STAT 250 Spring 2022 Data Analysis Assignment 4
You may not upload this file to any online homework help sites. In addition, you may not discuss this assignment on any group chats with any individuals (either in this course or not). Please see our course syllabus for honor code rules. Thank you. Your solutions document should include the following items. Points will be deducted if the following are not included.- Type your Name and STAT 250 with your correct section number (e.g. STAT 250-xxx) right justified and then Data Analysis Assignment #4 centered on the top of page 1 below your name to begin your solutions document. STAT 250 Spring 2022 Data Analysis Assignment 4
- Number your pages across your entire solutions document.
- Your solutions document should include the ANSWERS ONLY with each answer labeled by its corresponding number and subpart. Keep the answers in order.
- Generate all requested graphs and tables using StatCrunch.
- Upload your solutions document onto Blackboard as a pdf file using the link provided by your instructor. It is your responsibility for uploading a readable file. STAT 250 Spring 2022 Data Analysis Assignment 4
- You may not work with other individuals on this assignment. It is an honor code violation if you do.
- What type of data are collected for each sample (categorical or numerical)? How many samples have been selected? Answer these questions in one sentence each.

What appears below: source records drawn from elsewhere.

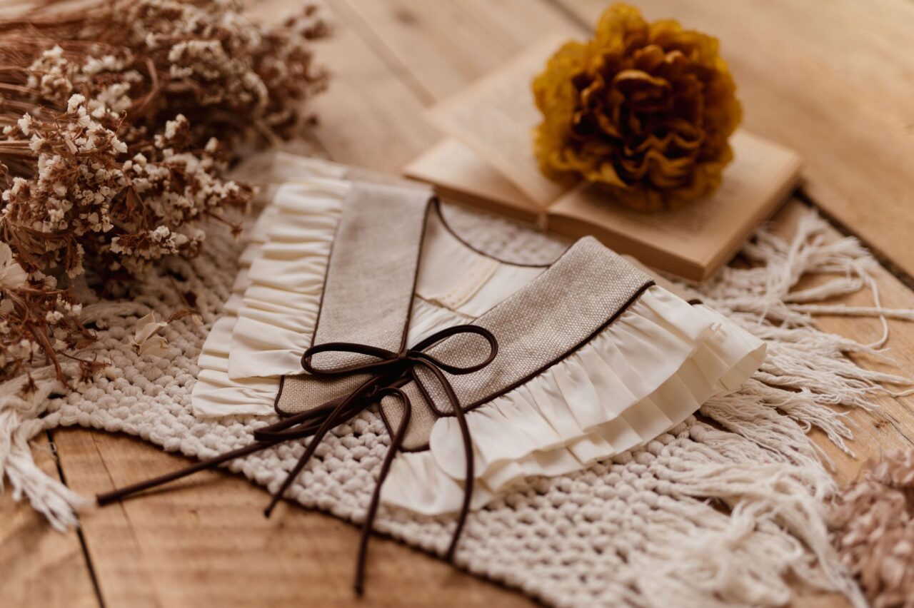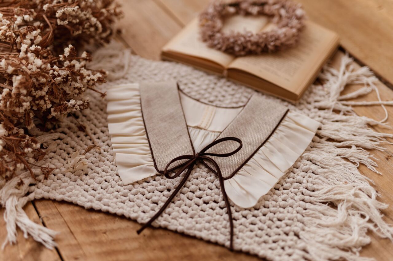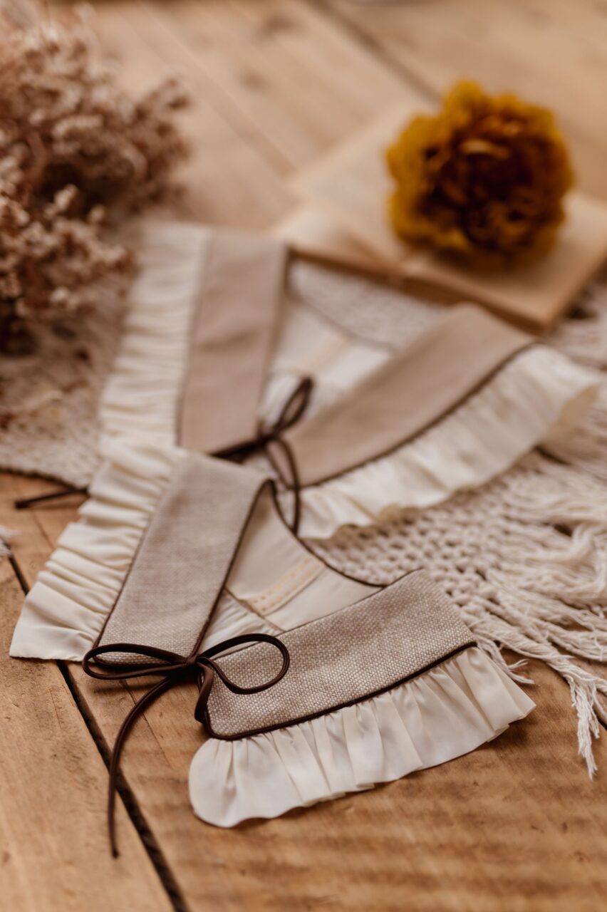 Kołnierzyk zawiązywany damski z falbanką lniany jasny beż Antonina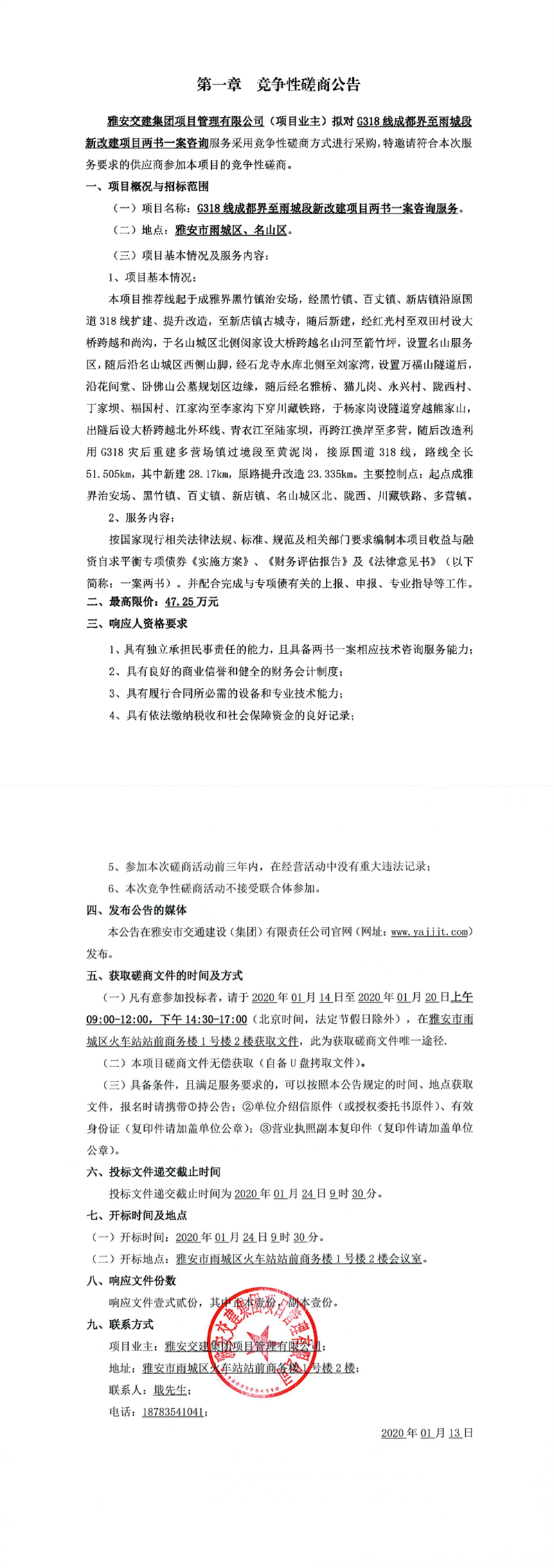 米兰体育-米兰(中国)官网 项目管理有限公司G318线成都界至雨城段新改建项目勘测定界服务竞争性磋商公告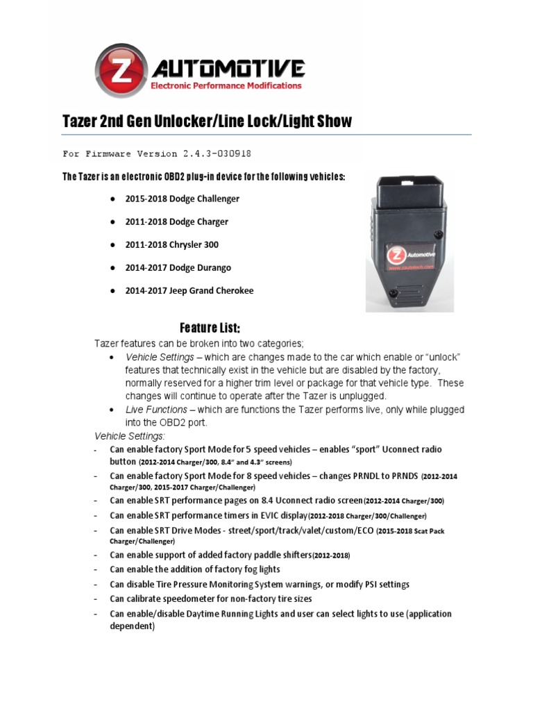 Zautotech Tazer Software Drivers And Hardware Install Zautomotive Com Youtube from i.ytimg.com These changes will continue to operate after the tazer jl lite is unplugged. Tazer jl lite features can be broken into two categories;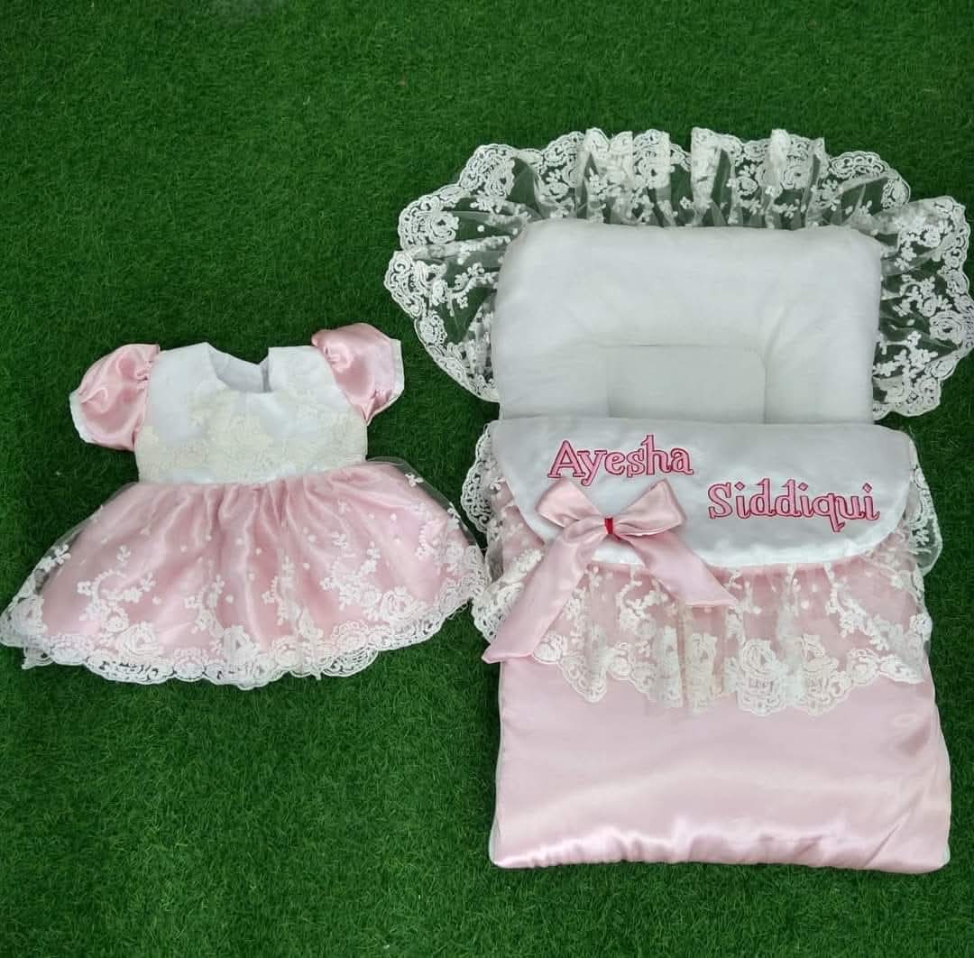 Personalize it with your baby's name in Urdu or English, along with their date of birth, and even pictures. Customization can be done on both the carry nest and pillow as shown in the pictures.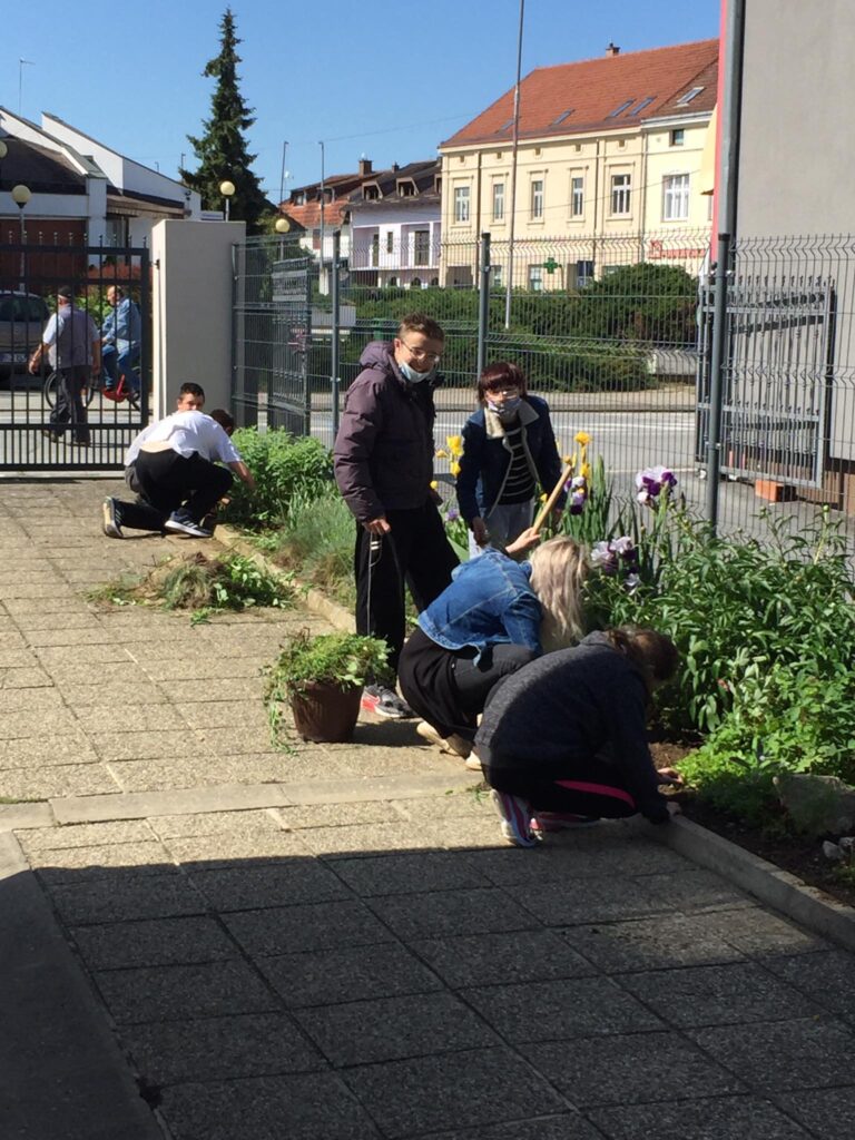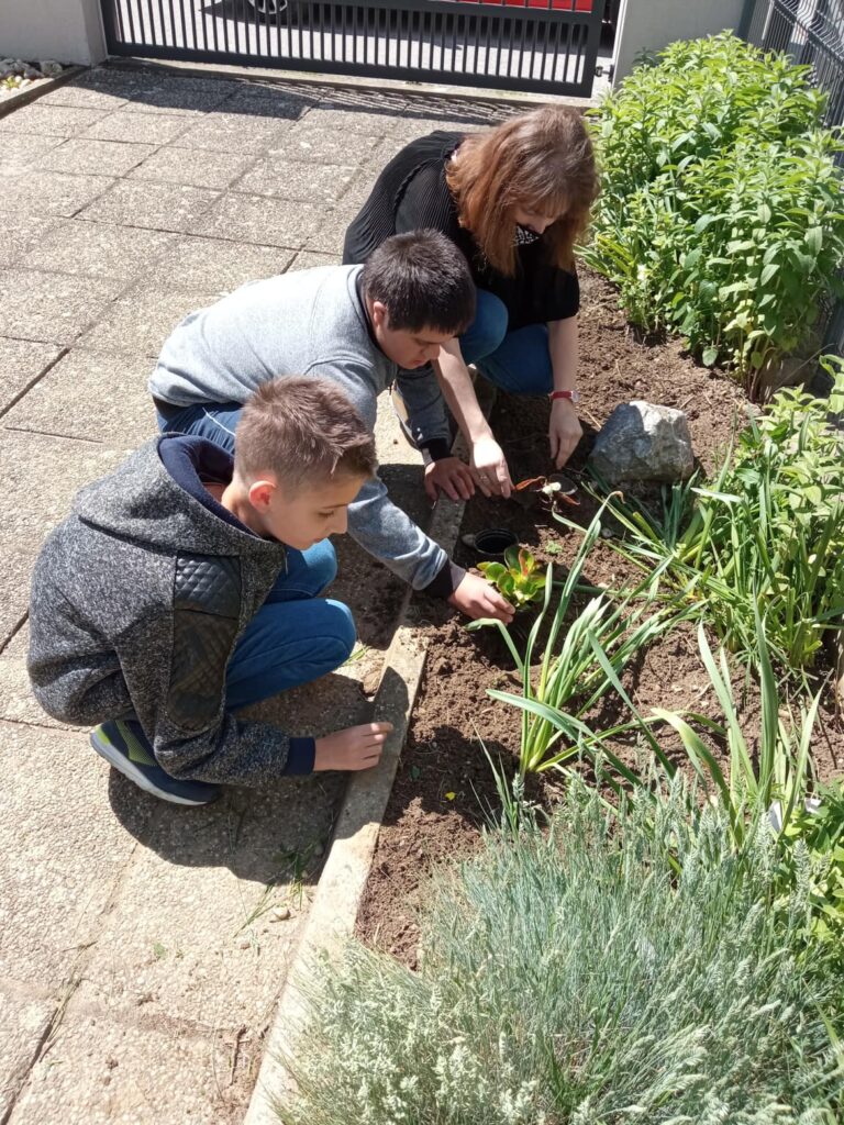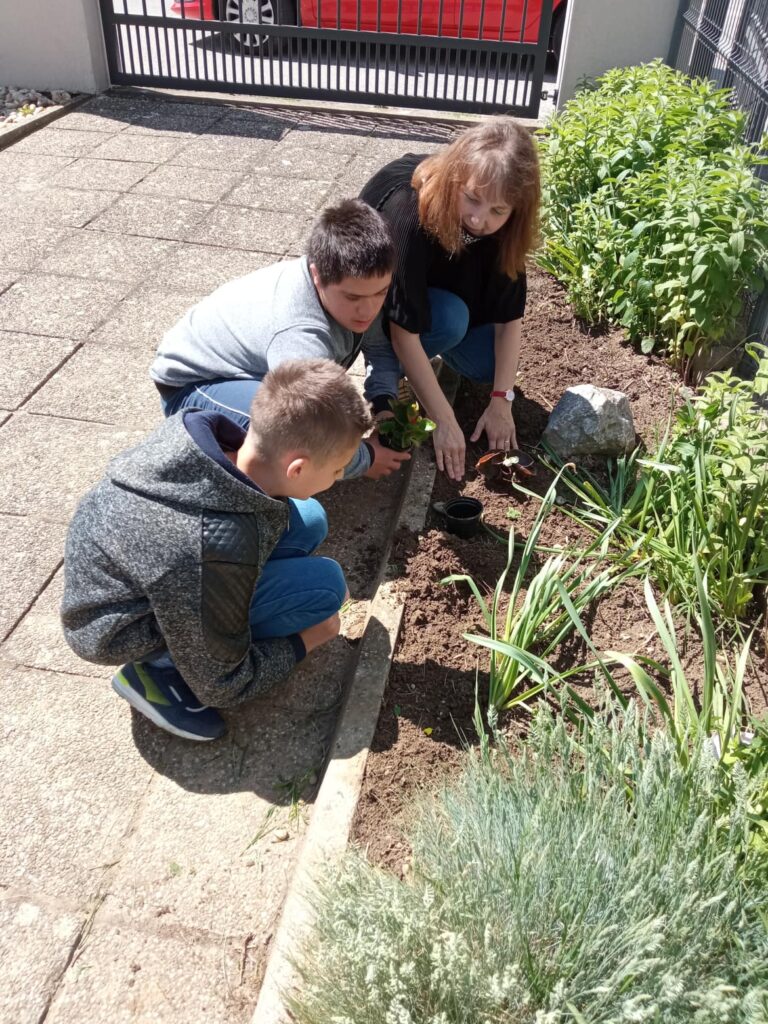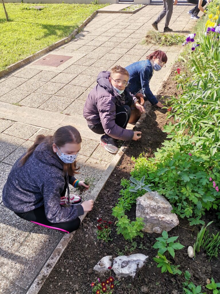 Dvorište škole, vanjski je prostor za učenje i igru kao i učenje putem igre. Na satima Tehničke kulture, učenici od 5. do 8. razreda Odjela za učenike s teškoćama u razvoju, uređivali su školski cvjetnjak. Uređenju cvjetnjaka, pridružili su se i učenici 3. odgojno-obrazovne skupine koji su zasadili donirane sadnice cvijeća roditelja Popadić. Ovo je bila praktična prilika podsjetiti se koje biljke rastu u našem cvjetnjaku, kako se biljke njeguju, koje alate koristimo i što su korovi. Učenici su bili motivirani za rad i vrednovali aktivnost uređenja cvjetnjaka visokom razinom osobnog zadovoljstva.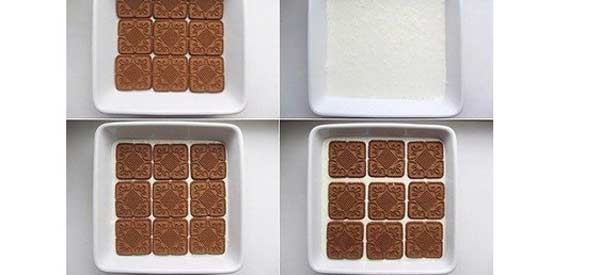 Затем снова печенье и снова крем. И так три слоя.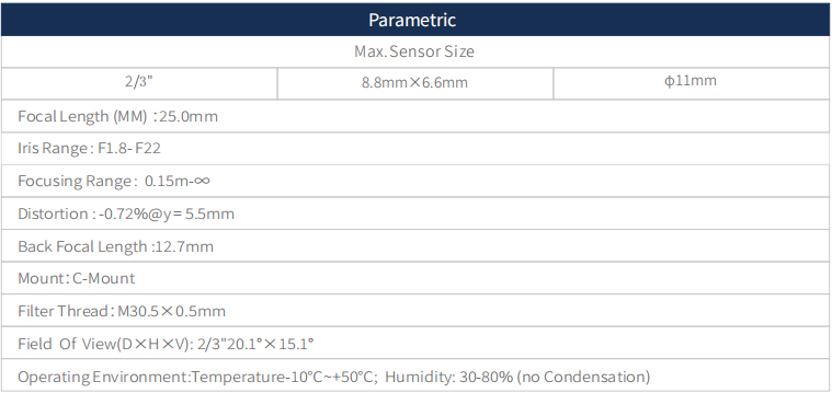 POMEAS這款1000萬像素2/3“機器視覺FA工業鏡頭,焦距25mm,光圈範圍F1.8~F22,對焦範圍0.15m~∞ 。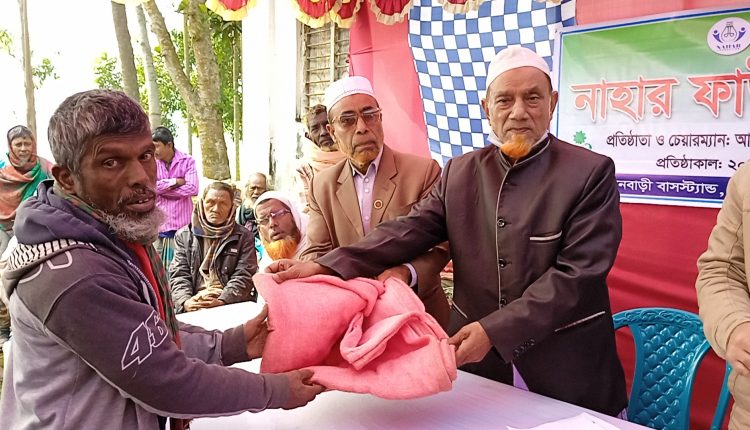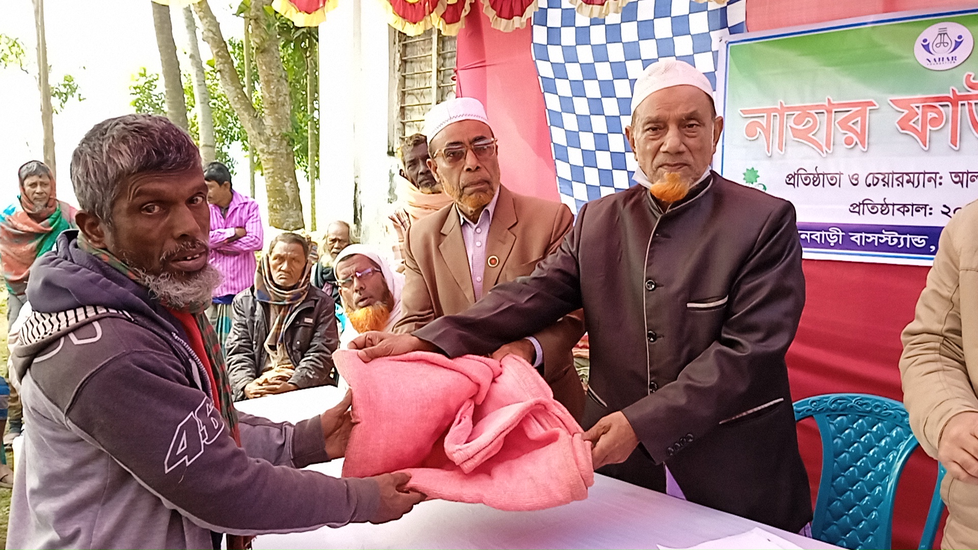 টাংগাইলে ধনবাড়ী উপজেলা সয়া গ্রামে আজ সকাল ১০ ঘটিকার সময় নাহার ফাউন্ডেশন এর আয়োজনে দরিদ্র মানুষের মাঝে কম্বল বিতরণ করেন নাহার ফাউন্ডেশন এর প্রতিষ্ঠাতা ও চেয়ারম্যান আলহাজ গিয়াস উদ্দিন তোতা হাজী নাহার ফাউন্ডেশন এর পক্ষ থেকে কম্বল বিতরণ। কিছুটা হলেও দুঃখীনির মুখে ফুটিয়েছি মোরা হাসি,শীতার্ত আজ থাকবে সুখে আশা মনে পুষি! থাকব পাশে এভাবে আজীবন দুর্দশা আর দুর্দিনে, আনতে তব তরে শুভক্ষণ ভবিষ্যতেও বুঝব মানে। এসো দূর করি শীতার্ত মানুষের কষ্টের কালো রাত অসহ্য শীতে সাধারণ মানুষ যেখানে অতিষ্ঠিত, সেখানে একবারও কী সুবিধা বঞ্চিত মানুষের কথা চিন্তা করে দেখেছেন? কীভাবে আছে তারা? তাদের কী শীত লাঘবের কিছু আছে। অন্যরা যখন শীতে ঘরের ভিতরে লেপ, কম্বলের নিচে, তখন নাহার ফাউন্ডেশন সদস্যরা সয়া গ্রামে সুবিধা বঞ্চিত মানুষের মাঝে কম্বল বিতরণে ব্যবস্থা করেন। তাদের হাতে রাখি। সহানুভূতির আপন হাত-এই নাহার ফাউন্ডেশন বছরের শুরু থেকে সুবিধা বঞ্চিত মানুষ সমস্যা সমাধানে কাজ করে যাচ্ছে নাহার ফাউন্ডেশন ধনবাড়ী তার ধরাবাহিকতায় আজ ২৩ জানুয়ারি নিজ গ্রামে গ্রামের ১৫৯ জন সুবিধা বঞ্চিত মানুষের মাঝে কম্বল বিতরণ করে দয়িতা নাহার ফাউন্ডেশন । নাহার ফাউন্ডেশননের প্রতিষ্ঠাতা নিজে উপস্থিত থেকে সুবিধা বঞ্চিতদের ভিতরে কম্বল বিতরণ করেন।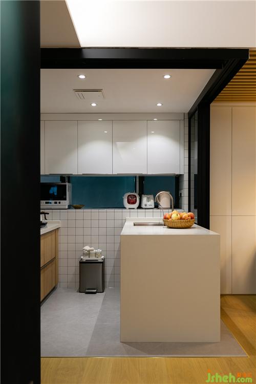 ▼说到走廊过道,这里不得不多提一下,为了避免空间的浪费,设计师在走廊的两侧附加了三个功能区——厨房外置大冰箱;干湿分区卫生间;电系洗衣家政区。这样一来,不仅避免了单独走廊带来的沉闷感,空间利用率也大大提升。

- Have the samples been collected independently or dependently? Answer the question and provide a reason why in one sentence. STAT 250 Spring 2022 Data Analysis Assignment 4
- Define the population parameter in the context of this question in one sentence.
- State the hypotheses you would use to test the claim stated in the question.
- Calculate the statistic you plan to use to estimate the stated parameter in part (b). Round this statistic to a whole number. STAT 250 Spring 2022 Data Analysis Assignment 4
- Produce one image that displays both samples’ data using horizontal boxplots. Please title and label this graph correctly and copy the graph into your solutions. STAT 250 Spring 2022 Data Analysis Assignment 4
- Write a one-sentence interpretation of this plot. Also, comment on whether it is appropriate to use the t-distribution for inference based on this interpretation and the conditions necessary.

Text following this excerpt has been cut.